◆ RECORDED INFORMATION ◆

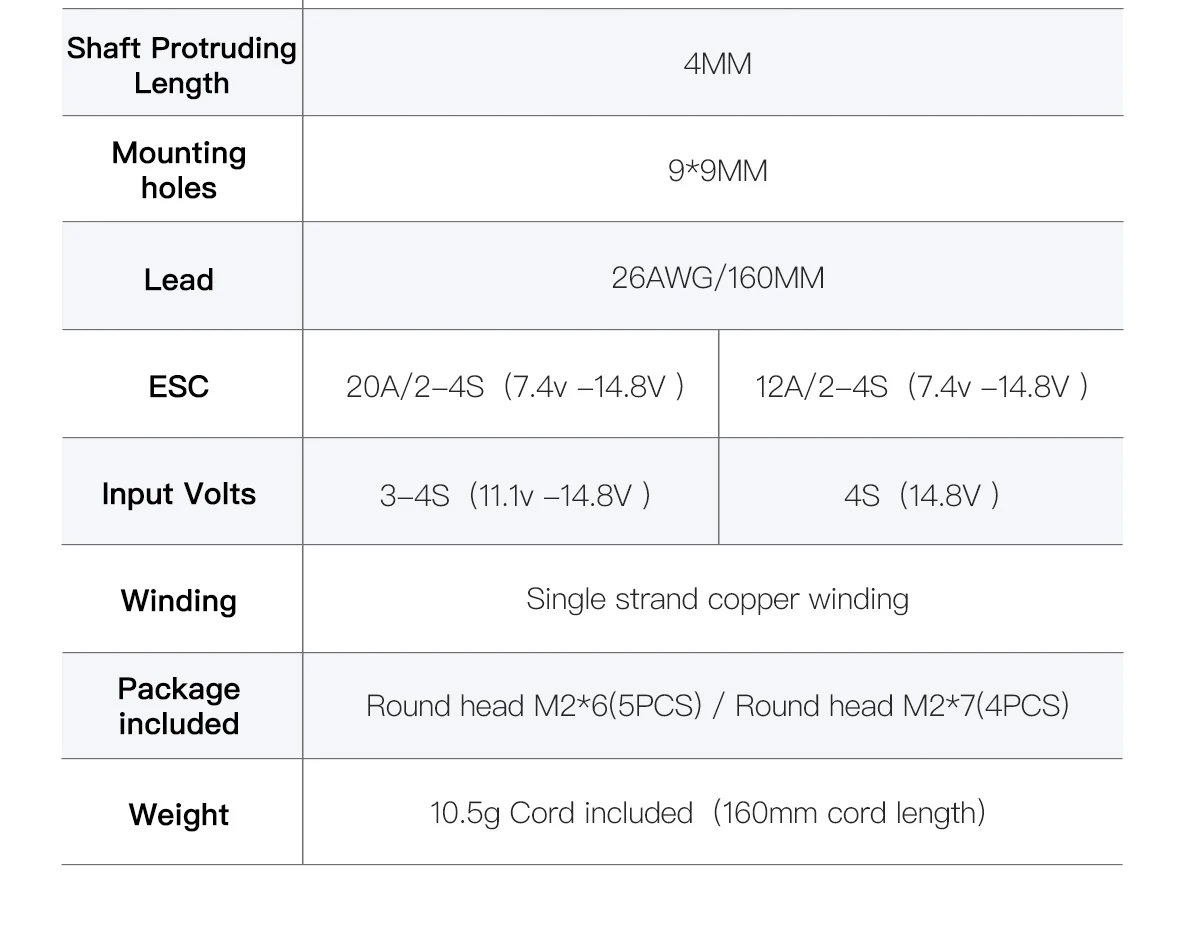 • Input Volts: 14.8V(4S LiPo)
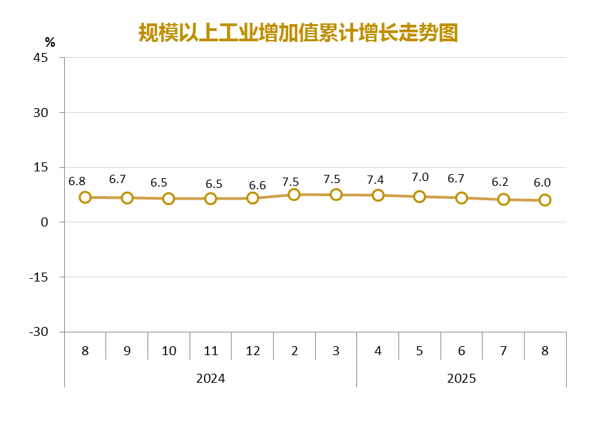 | 內容概述 | 2025年1-8月規模以上工業增加值增長6.0% | ||||
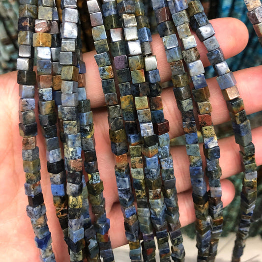 Perles cubiques en pierre de dumortiérite arc-en-ciel 4 mm 15''

◆ WORK INSTRUCTIONS ◆
Return each of the lines exactly as they appear above, with no images.

◆ RESULT OF THE EXERCISE ◆
 • Input Volts: 14.8V(4S LiPo)
 | 內容概述 | 2025年1-8月規模以上工業增加值增長6.0% | ||||
 Perles cubiques en pierre de dumortiérite arc-en-ciel 4 mm 15''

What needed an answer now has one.